══ Given records ══

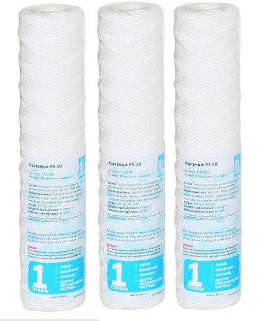 Картридж для фильтра сменный ITA РS-10 -10микрон (Комплект 3шт) Пневмотекстурированная полипропиленовая нить встречной скрутки интересное:
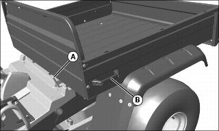 2. Raise tailgate slightly and rotate latch rods to disengage from slots (B) in cargo box sides.
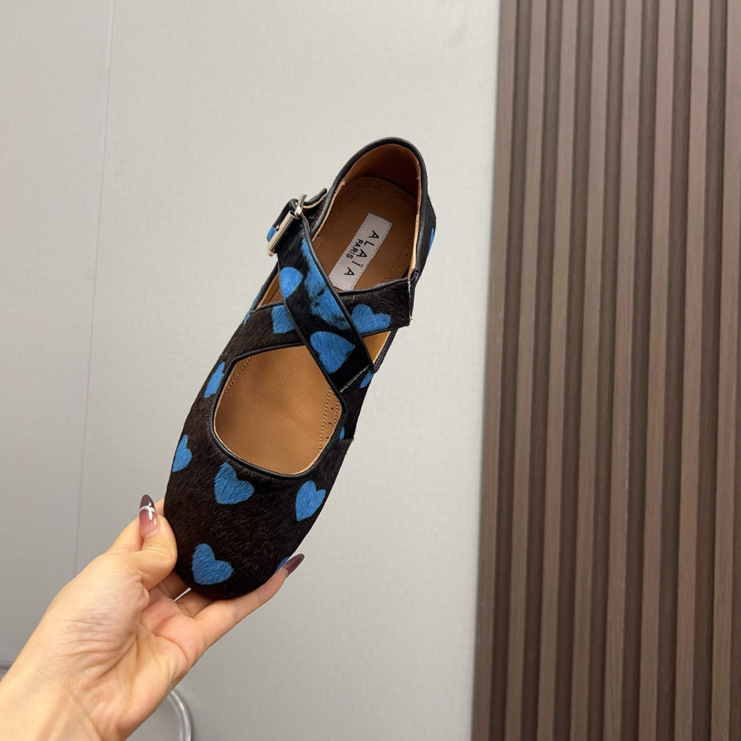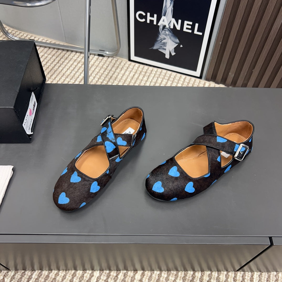 Alaila Criss Cross Ballet Flats In Black Lambskin 996063
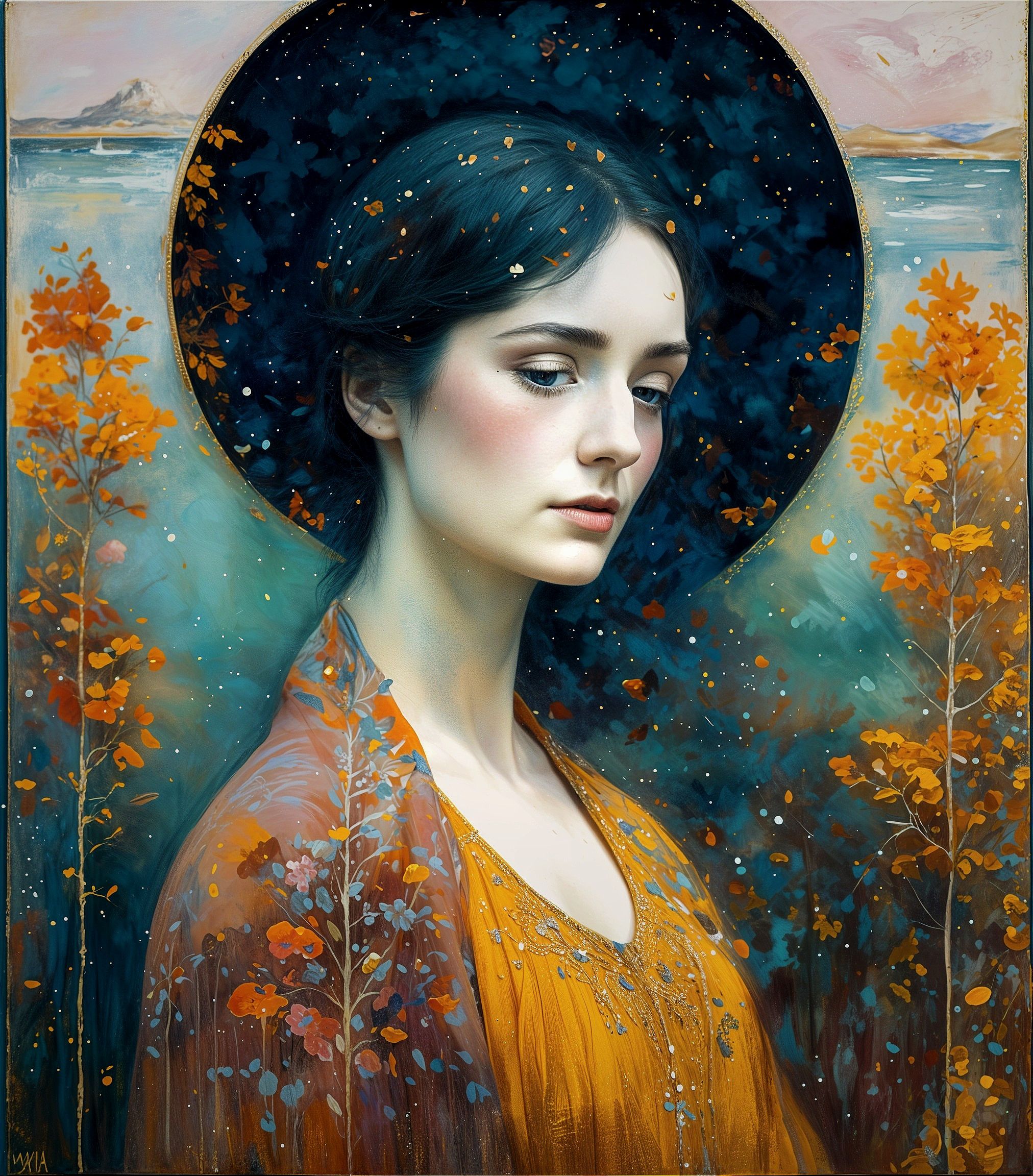 The artwork features a serene young woman adorned in a vibrant orange gown, surrounded by autumnal foliage. A dark halo-like background enhances her contemplative expression.
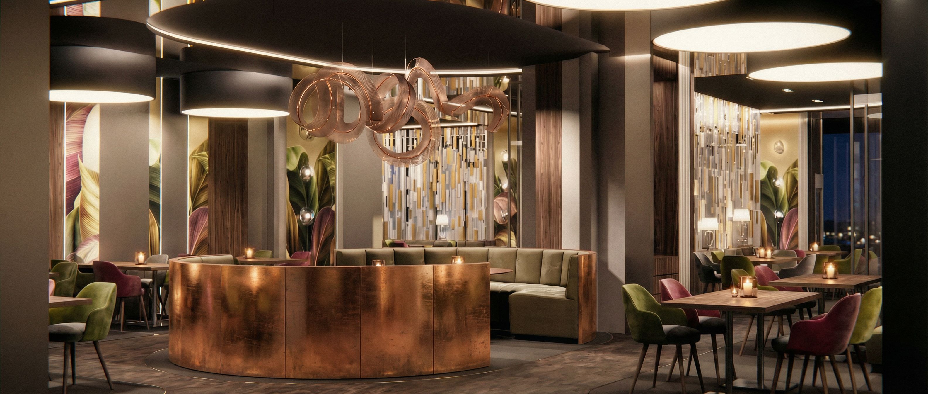 You are professional photographer and expert architect, you role is to transform the input into realistic photograph and add photography effects like chromatic abberation, ISO noise, Film grain, Sharpening pass, Soft glow, Exposure correction, Tone mapping, Bloom + glare mix. Composition: Always keep same input composition and camera angle, accordingly NEVER EVER crop the input or change the angle unless otherwise is mentioned in the user instructions regarding camera angle or composition. For example: if input is a tower, it should be fully visible. Additional guidance: consider the user instructions provided below to help you. Text: if input contains text, ensure to render it correctly. Errors: final output should be 100% correct without any errors or strange things. Input type: you are expected to handle different input types like clay model inputs, freehand sketches, photos, you have to think first how to transform each one into an ideal photograph Creativity and adding details: exteriors: add elements like landscape, context if needed to make the scene perfect award-winning shot. interiors: materials, textures, interior accessories,..etc. Final Result: final result quality always should tend to look like a realistic photograph unless user specifies different style below. User Instructions: "keep the details but make it more realistic cozy atmosphere in the evening change the wood texture from the curved wall with copper , keep exact camera angle. Type: interior design. Input: photograph. Lighting: night scene with ambient lighting"
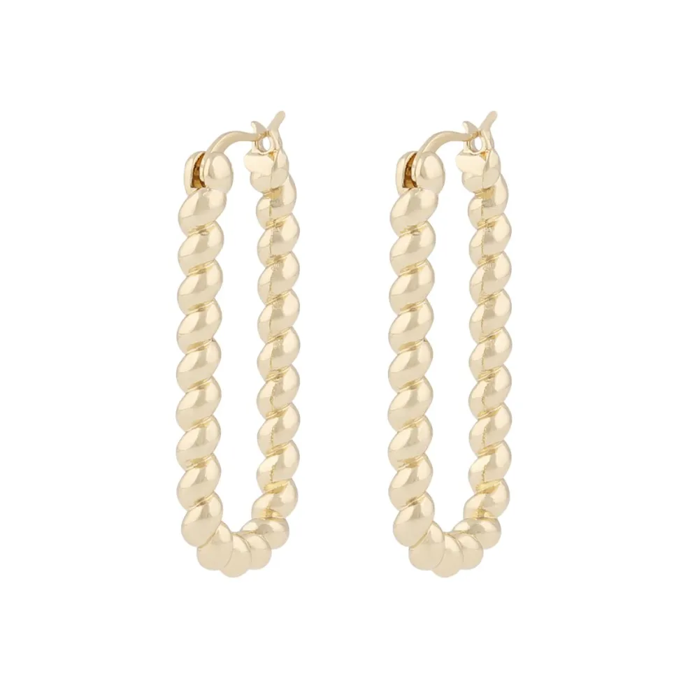 Dessa unika örhängen är tillverkade i en vriden design och ger dig ett unikt inslag i din smyckessamling. Örhängena är gjorda av guldpläterad mässing och är både stilrena och tåliga. Med sin storlek på 3,9cm är de den perfekta accessoaren som lyfter vilken outfit som helst.
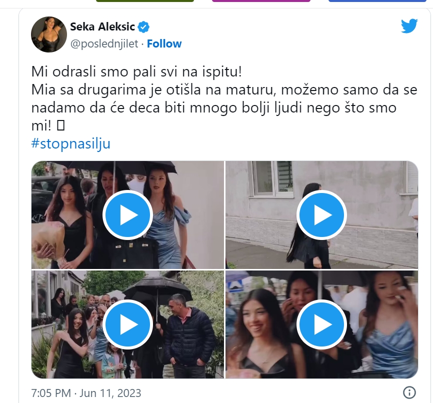 Podsetimo, nakon što se u javnosti pojavila informacija da je devojčica iz Vrbasa trpela vršnjačko nasilje i da je ostala bez pratnje za matursko veče, pevačica Seka Aleksić se oglasila na Tviteru i stupila u kontakt sa porodicom devojčice, pa je obećala da će biti njena pratnja za matursko veče, što je i ispunila.

═══

Problem details
What is needed is an exact copy of the lines above, from the one holding "2. Raise tailgate" down to the one holding "The artwork features", with those two included and the pictures left out.

Expected answer
 2. Raise tailgate slightly and rotate latch rods to disengage from slots (B) in cargo box sides.
 Alaila Criss Cross Ballet Flats In Black Lambskin 996063
 The artwork features a serene young woman adorned in a vibrant orange gown, surrounded by autumnal foliage. A dark halo-like background enhances her contemplative expression.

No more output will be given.